Remember when researchers predicted that professional services jobs in industries like insurance, tax and accounting, and finance and legal would soon be replaced by artificial intelligence (AI)? That was in 2013 when AI was just starting to peak on the hype cycle, and headlines like “Your Next Accountant Will Be a Robot” and “The Robots are Coming for Wall Street” were being cooked up daily.
Today, six years into the evolution of AI in professional services, it’s safe to say that the dystopian version of the future has not materialized. In fact, according to the latest data from the U.S. Bureau of Labor Statistics, employment of accounting professionals is projected to increase 10% over the next 10 years, which is faster than average for all other professions. In fact, there is a growing talent shortage in the industry that has many large and mid-size accounting firms struggling to fill open roles.
How could those early predictions have been so far off? The fact is, AI has fundamentally changed the way we work and how we think about the future of professional services, but it has done so not by replacing humans, but by making humans better at their jobs. And that creates new efficiencies and opportunities that didn’t exist a few years ago.
Unlocking the Cyborg Audit
Take the audit function in an accounting firm as an example. Audit has always been the one part of the accounting workflow that AI fear-mongers have targeted as ripe for disruption. It makes sense. The audit function contains a great deal of repetition, with auditors spending their days chasing data from clients, cross-checking that data with transaction records, and inputting the results into an auditing software system. These types of tasks read like a playbook for AI automation, and — in many cases — firms have succeeded in streamlining the process with AI.

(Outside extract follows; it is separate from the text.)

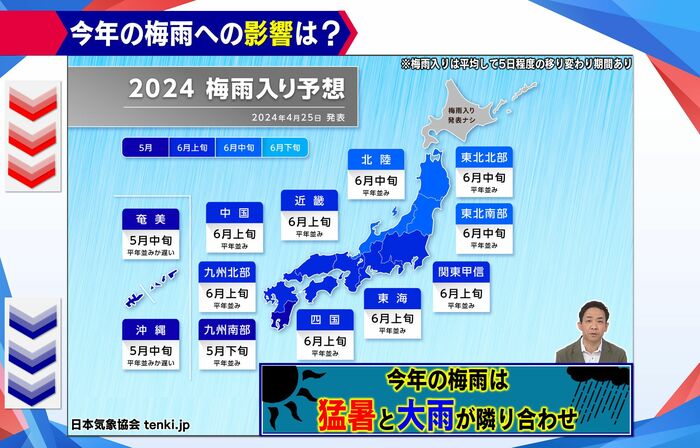 まず今年の梅雨入り予想ですが、沖縄は5月の中旬ということで平年より少し遅くなっています。その他の場所は平年並みとなっています。

Today, our clients are able to automate roughly 30% of their audit processes by using data ingestion tools that let data flow freely between the client and auditor databases and automatically screen for any fluctuations or anomalies that would require further review. That means all of those incremental steps in the process — the back-and-forth work to simply access and ingest the data, the flow of the data into the final work product, confirmation of the data against bank account records, the validation and monitoring for inconsistencies — just happen with no manual intervention.
So, that must mean job losses, right?
Not really.
Not Designed for Data Entry
What’s happening as these technologies become integrated into the audit workflow is that auditors are developing a level of speed and accuracy that would have been considered superhuman less than a decade ago. This is enabling them to focus more time and energy on higher risk parts of the audit — the ones that expose them to much higher liability risk and take a great deal more time to investigate. These include areas like the collectability of accounts receivable and the valuation of goodwill and other intangible assets that require a subjective level of interpretation to get right.
As a result, the introduction of AI is reducing time spent on tedious, labor-intensive grunt work and opening up new opportunities for humans to unlock more capacity for the kinds of nuanced, high-value tasks that humans are best at.
Getting Smarter Faster
A similar phenomenon is playing out in the legal space, where AI natural language processing (NLP) technology is being used heavily to streamline the research process and surface new insights from legal text.
In a traditional keyword search-based environment, law librarians and junior-associates would spend many hours creating complicated Boolean search strings to ferret out the information they needed on a particular precedent. Now, they can just access the same information in plain English.
In addition to reading and interpreting text, AI is also being used by legal professionals to surface meaningful insights from that text. An example from currently available technology would be an application we developed that scans legal briefs and memoranda and uses AI to suggest other relevant cases to include or weak cases to omit based on cognitive analysis of the underlying case law.
Evolution, Not Revolution
Just as we’re seeing in the accounting profession, these advances are not replacing legal professionals. Quite the opposite, they are making the workflow more manageable in the face of ever-growing amounts of data that must be processed by today’s knowledge workers.
In that sense, the growth of AI in professional services has been evolutionary. Like a new appendage formed over the course of generations to help a fish swim faster or a lion hunt better, AI has become a vital adaptation that’s helping the professional services sector rise to the new challenges it’s facing every day.
Brian Peccarelli is co-chief operating officer of Thomson Reuters.